(Records from a data collection)
————

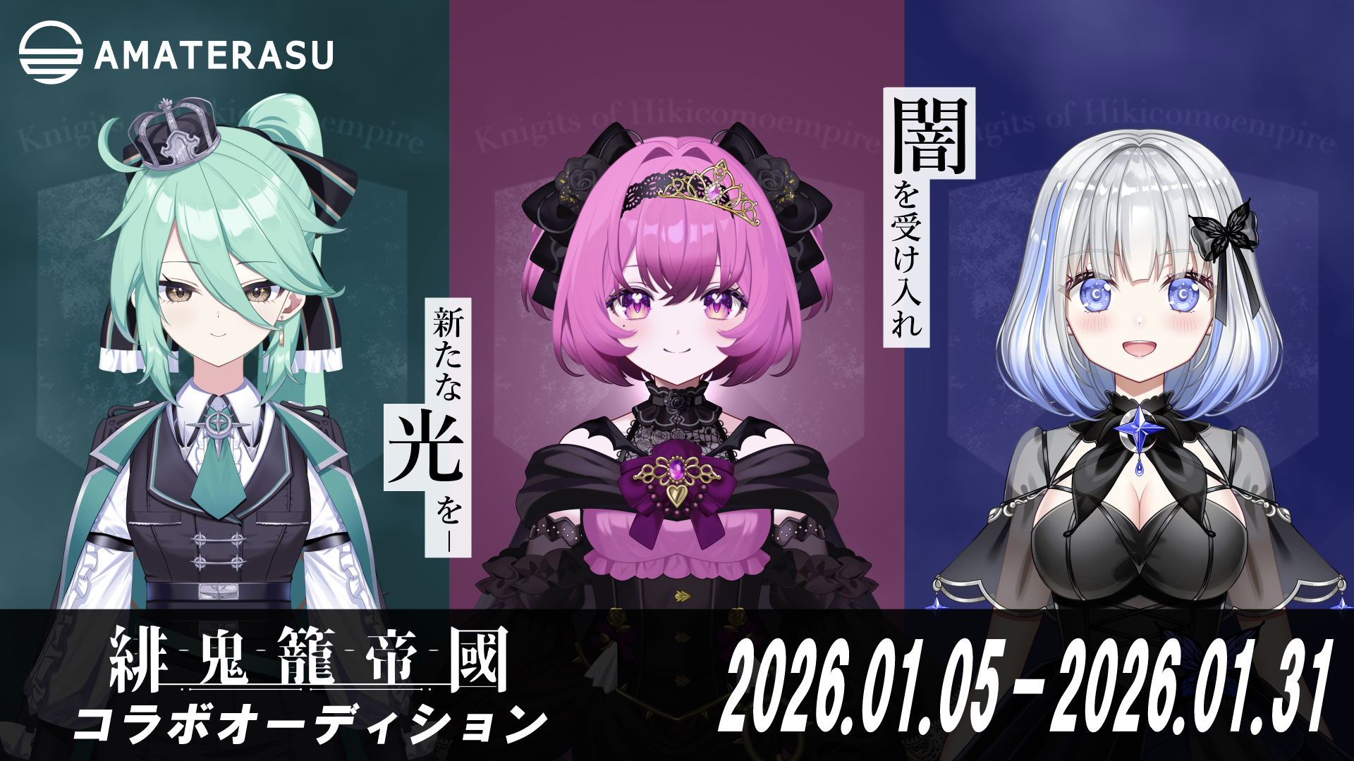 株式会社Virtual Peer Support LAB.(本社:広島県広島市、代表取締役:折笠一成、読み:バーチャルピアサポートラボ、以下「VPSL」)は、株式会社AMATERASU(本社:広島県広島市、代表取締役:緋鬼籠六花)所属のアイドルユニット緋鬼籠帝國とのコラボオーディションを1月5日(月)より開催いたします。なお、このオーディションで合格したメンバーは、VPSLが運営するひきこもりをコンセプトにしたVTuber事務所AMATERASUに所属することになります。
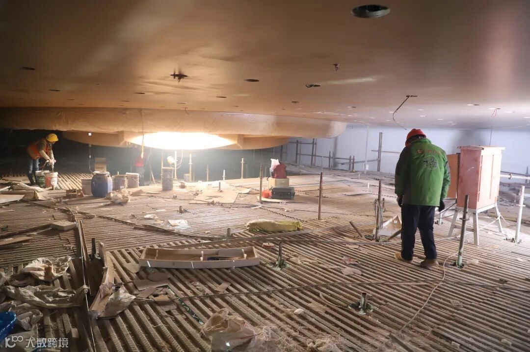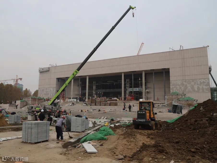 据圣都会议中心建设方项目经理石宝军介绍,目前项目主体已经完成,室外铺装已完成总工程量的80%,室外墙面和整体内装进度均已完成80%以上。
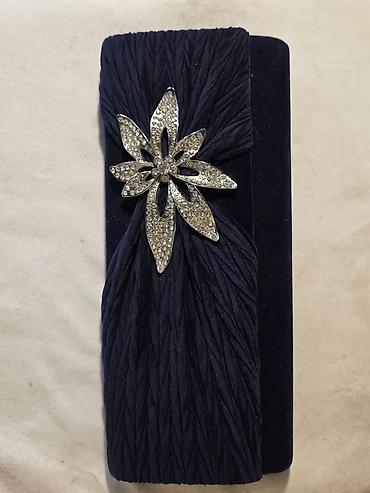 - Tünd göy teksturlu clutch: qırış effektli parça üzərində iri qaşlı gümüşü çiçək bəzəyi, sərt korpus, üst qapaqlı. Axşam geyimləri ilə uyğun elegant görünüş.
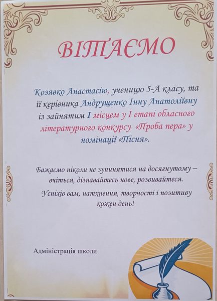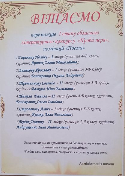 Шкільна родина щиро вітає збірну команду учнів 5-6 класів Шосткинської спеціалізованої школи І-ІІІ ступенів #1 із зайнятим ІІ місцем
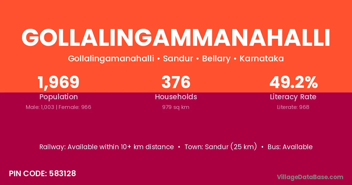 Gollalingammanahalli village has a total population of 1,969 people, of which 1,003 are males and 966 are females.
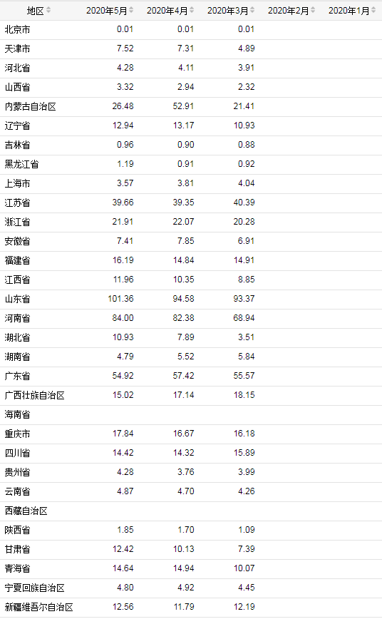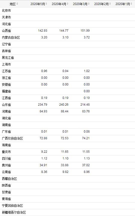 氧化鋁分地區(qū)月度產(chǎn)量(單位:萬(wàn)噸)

————

(DESCRIPTION OF THE TASK): Repeat only what lies between the start of the data and the end of the line containing "据圣都会议中心建设方项目经理", exactly, with pictures left out.

(OUTPUT BELOW):
 株式会社Virtual Peer Support LAB.(本社:広島県広島市、代表取締役:折笠一成、読み:バーチャルピアサポートラボ、以下「VPSL」)は、株式会社AMATERASU(本社:広島県広島市、代表取締役:緋鬼籠六花)所属のアイドルユニット緋鬼籠帝國とのコラボオーディションを1月5日(月)より開催いたします。なお、このオーディションで合格したメンバーは、VPSLが運営するひきこもりをコンセプトにしたVTuber事務所AMATERASUに所属することになります。
 据圣都会议中心建设方项目经理石宝军介绍,目前项目主体已经完成,室外铺装已完成总工程量的80%,室外墙面和整体内装进度均已完成80%以上。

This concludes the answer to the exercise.